*** Information provided ***

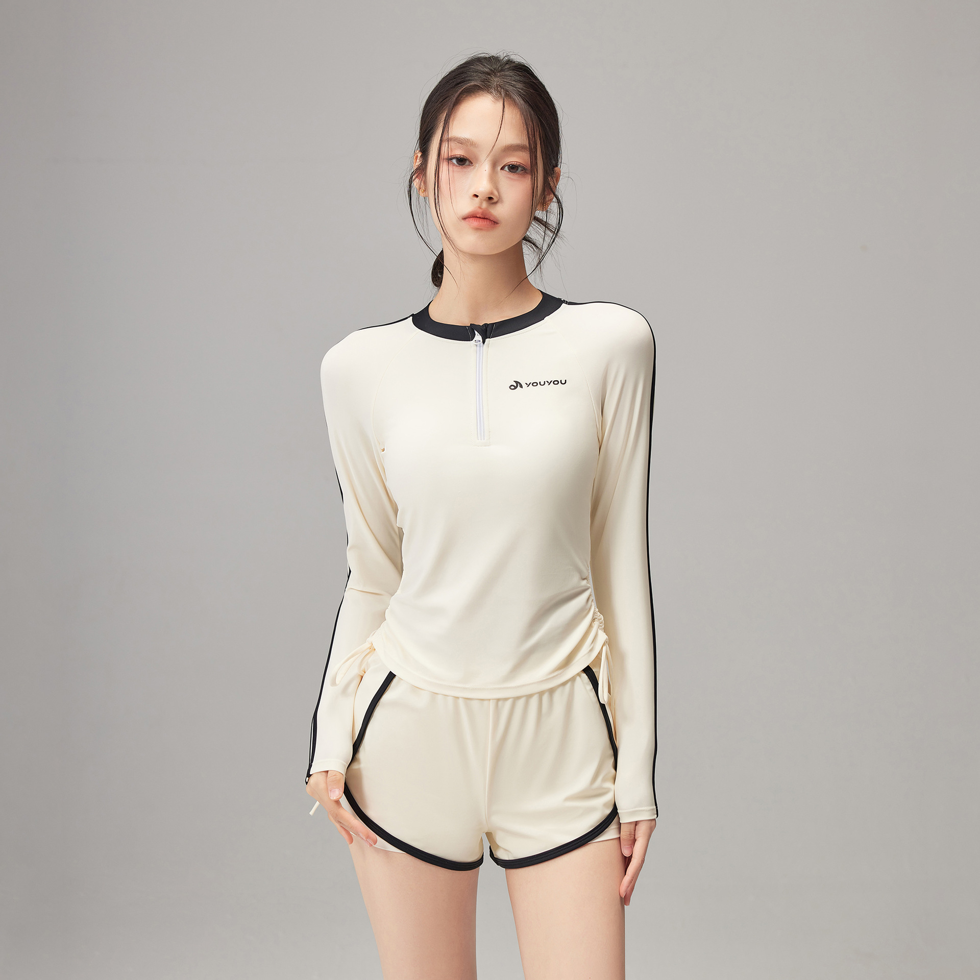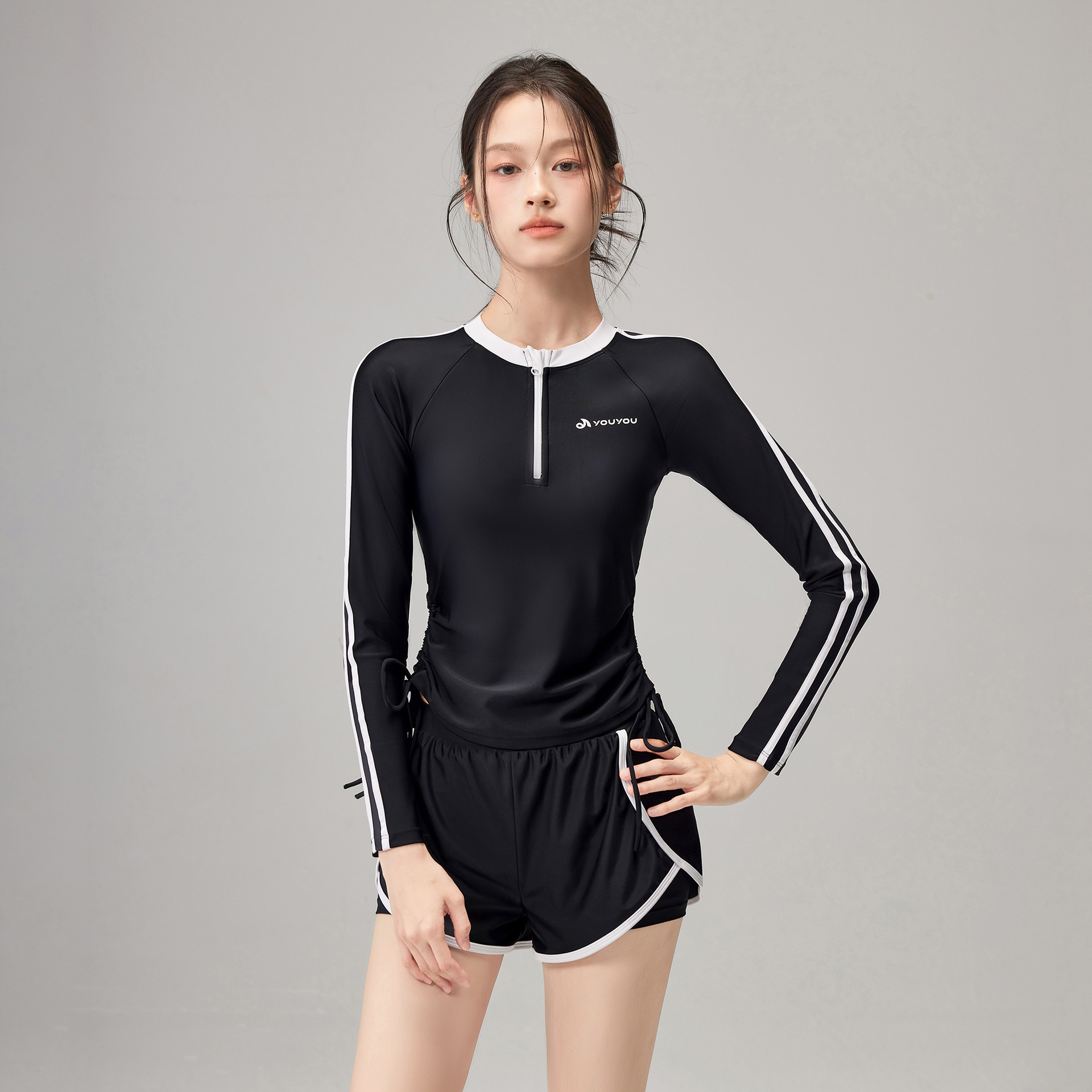 Главная страница > Женский купальник из двух частей, новинка 2025 года, консервативный, утягивающий живот, с длинными рукавами, спортивный бассейн, модный свежий стиль.
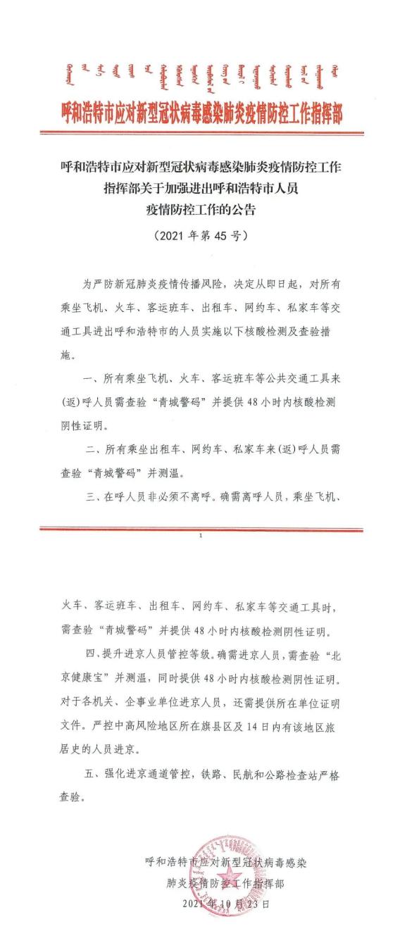 为全面做好疫情防控相关工作,保障乘客的身体健康,根据呼和浩特市疫情防控指挥部的相关防疫要求,现将呼和浩特地铁疫情防控乘车注意事项公告如下:
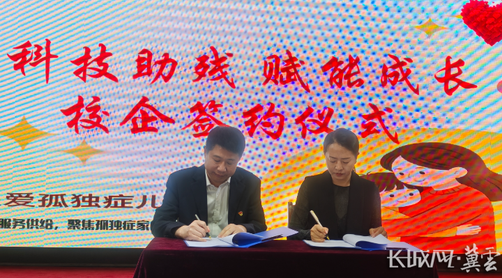 爱心企业与保定市融星实验学校签约,正式达成科技助残校企合作关系。实习生 裴雨菲 摄
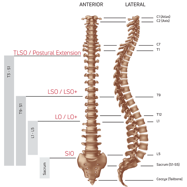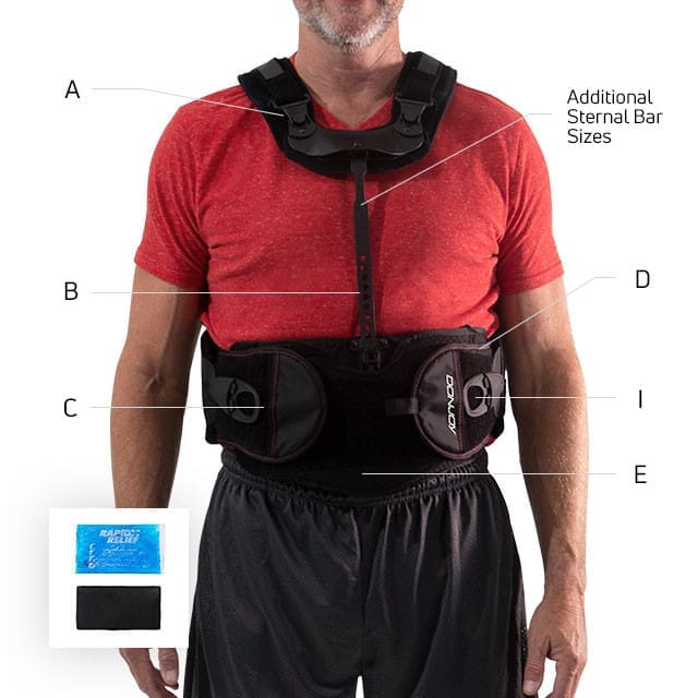 The DonJoy IsoFORM® TLSO – provides trunk restriction and stability from T3-S1 in three planes of motion with its overlapping panel system; Anterior, Posterior and Lateral Extension panels and a telescoping aluminum sternal bar that is adjustable and malleable for a custom fit.

*** End of Information provided ***

**Task requirements**: A word-for-word repeat is expected of the lines from the one with "为全面做好疫情防控相关工作,保障乘客的身" to the end of the data, both included; pictures are not part of it.

**Written solution**:
 为全面做好疫情防控相关工作,保障乘客的身体健康,根据呼和浩特市疫情防控指挥部的相关防疫要求,现将呼和浩特地铁疫情防控乘车注意事项公告如下:
 爱心企业与保定市融星实验学校签约,正式达成科技助残校企合作关系。实习生 裴雨菲 摄
 The DonJoy IsoFORM® TLSO – provides trunk restriction and stability from T3-S1 in three planes of motion with its overlapping panel system; Anterior, Posterior and Lateral Extension panels and a telescoping aluminum sternal bar that is adjustable and malleable for a custom fit.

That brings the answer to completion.